Hail to the Chef: His and Hers
Express' Karmah Elmusa recaps what the bride and groom ate on "Top Chef."

THIS WEEK, the end stages of "Top Chef Chicago" began — the fat (in the form of mediocre cooks) has officially been skimmed. The nice, even number of eight — four men and four women (more ladies left at this stage than in seasons past) — made for the perfect opportunity to pit teams against each other in the most cutthroat (ha) "Top Chef" Challenge ever.
Cutting (ha) to the chase: the elimination challenge was titled Wedding Wars. As in, nuptials, the joining of soul mates, the most important day of a couple's life, etc. A real couple ... or a couple of good sports. Oh, and I should mention that along with the pressure applied to our chefs to pull off this task, there is also no time allotted for sleeping. Read on for a recap of the beautiful, inevitably tense, moments starring our stressy, exhausted, egomaniacal (if strangely lovable) bunch.
QUICKFIRE
Oh, wait. Before Wedding Wars, I must briefly recap the quickfire. Tom appears at the beginning of the episode alongside Padma, and we must wonder, to what we owe this visit from he-who-is-normally-too-good-to-show-up-for-this-part? Padma announces that the ante is being upped — no more immunity from a quickfire win. Knives are drawn, teams are divided. On one side, we've got Dale, Lisa, Nikki and Spike. On the other, there's Richard, Andrew, Antonia and Stephanie. If this seems wildly unfair to you (read: the latter Team is a League of Extraordinary Chefs) you're right, it is. But, c'est la vie; this is the breakdown for the entire episode.
On to the quickfire! A throwback to last season, the chefs are presented with oranges, artichokes, a monkfish (now that's a face that would make a mother vomit. Check it out on YouTube, it's the thing eating the other thing) and mayo makings.
That's right — it's the relay. One member of each team must make supremes of five oranges (Antonia vs. Lisa), one must whittle down an artichoke to its heart (Andrew vs. Spike), one must fillet the monkfish (Richard vs. Dale) and one must make a big ol' bunch of mayo (Stephanie vs. Nikki). The name of the game is speed.

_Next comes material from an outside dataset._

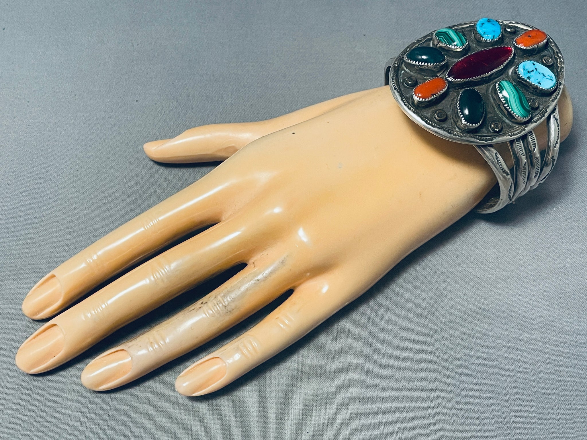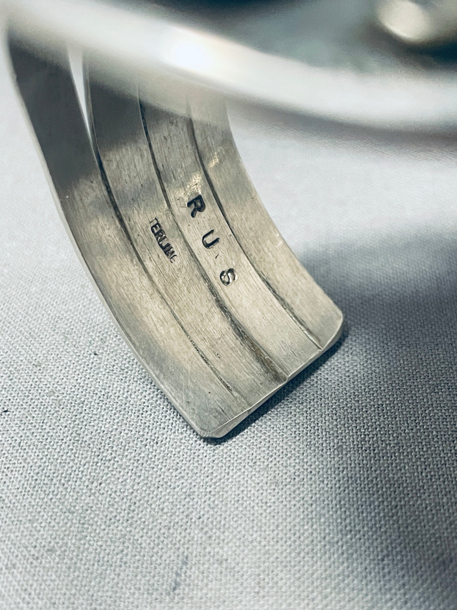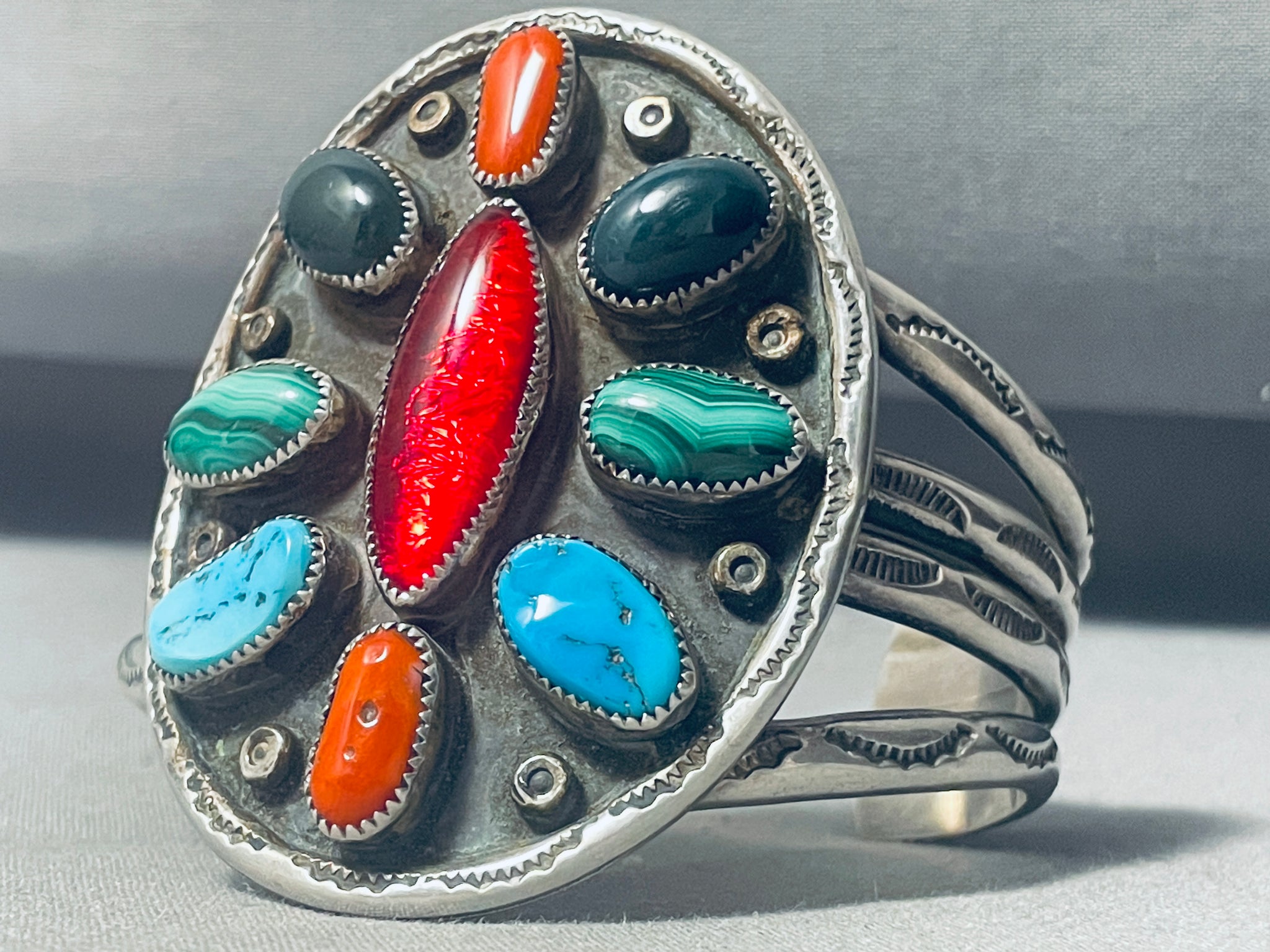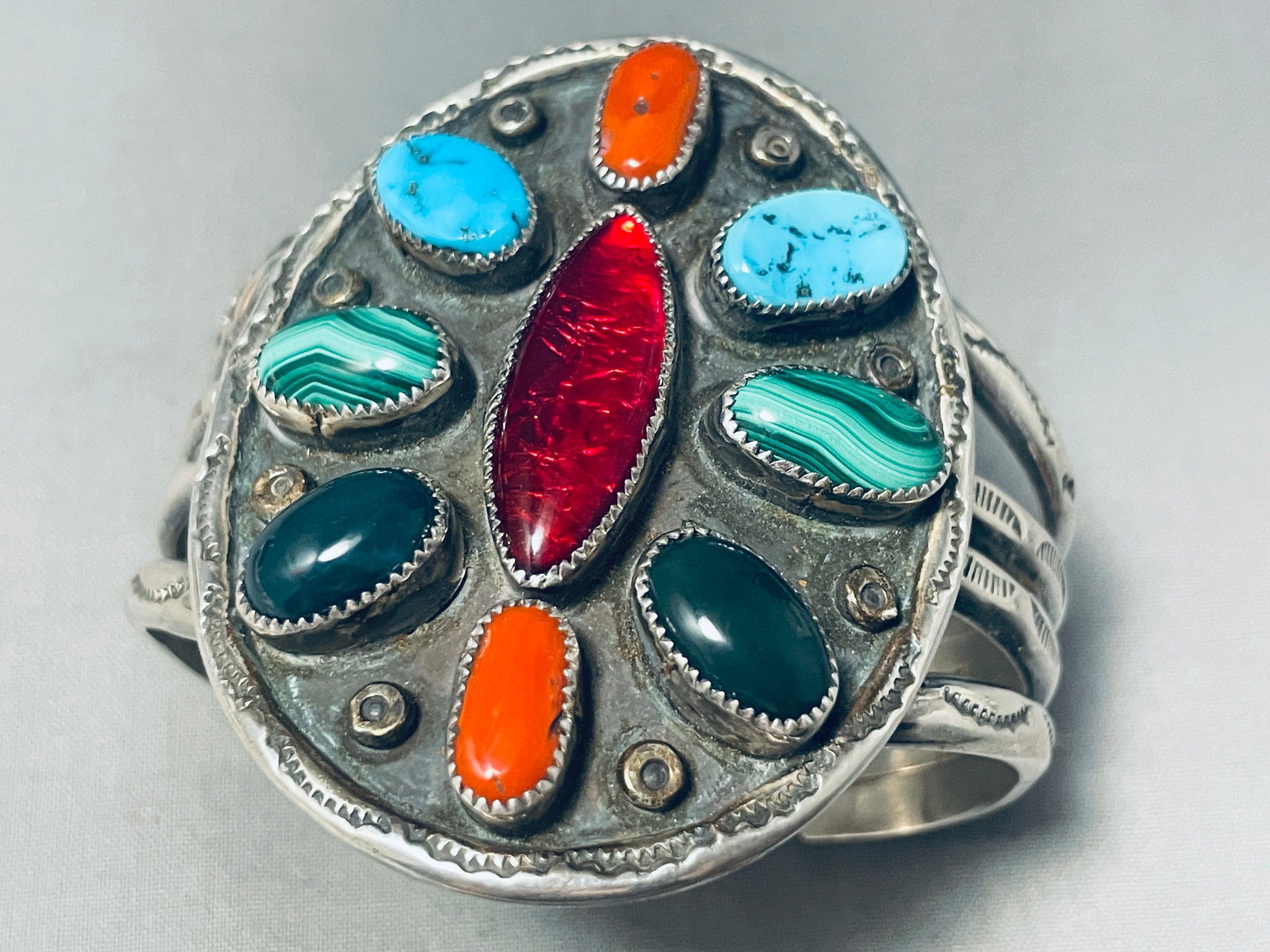 Ruby Red Vintage Native American Navajo Turquoise Sterling Silver Bracelet Cuff Old

After a whole lot of getting ahead and falling behind, and despite Lisa "smoking Antonia's ass on those oranges," Team Fork or Spoon (Richard and co. Why don't we just call them the A Team?) wins the challenge. Celebration ensues. And then Dale embarrasses the B Team by screaming "F---!" at the top of his lungs and body checking an innocent metal locker. Strong start, buddy.
ELIMINATION CHALLENGE
Going to the chapel and we're ... yup, they're taking the plunge.
The lovely couple is Corey and J.P.. When we meet them, Padma mentions that they do something or another involving food, just in case anyone was thinking about slacking.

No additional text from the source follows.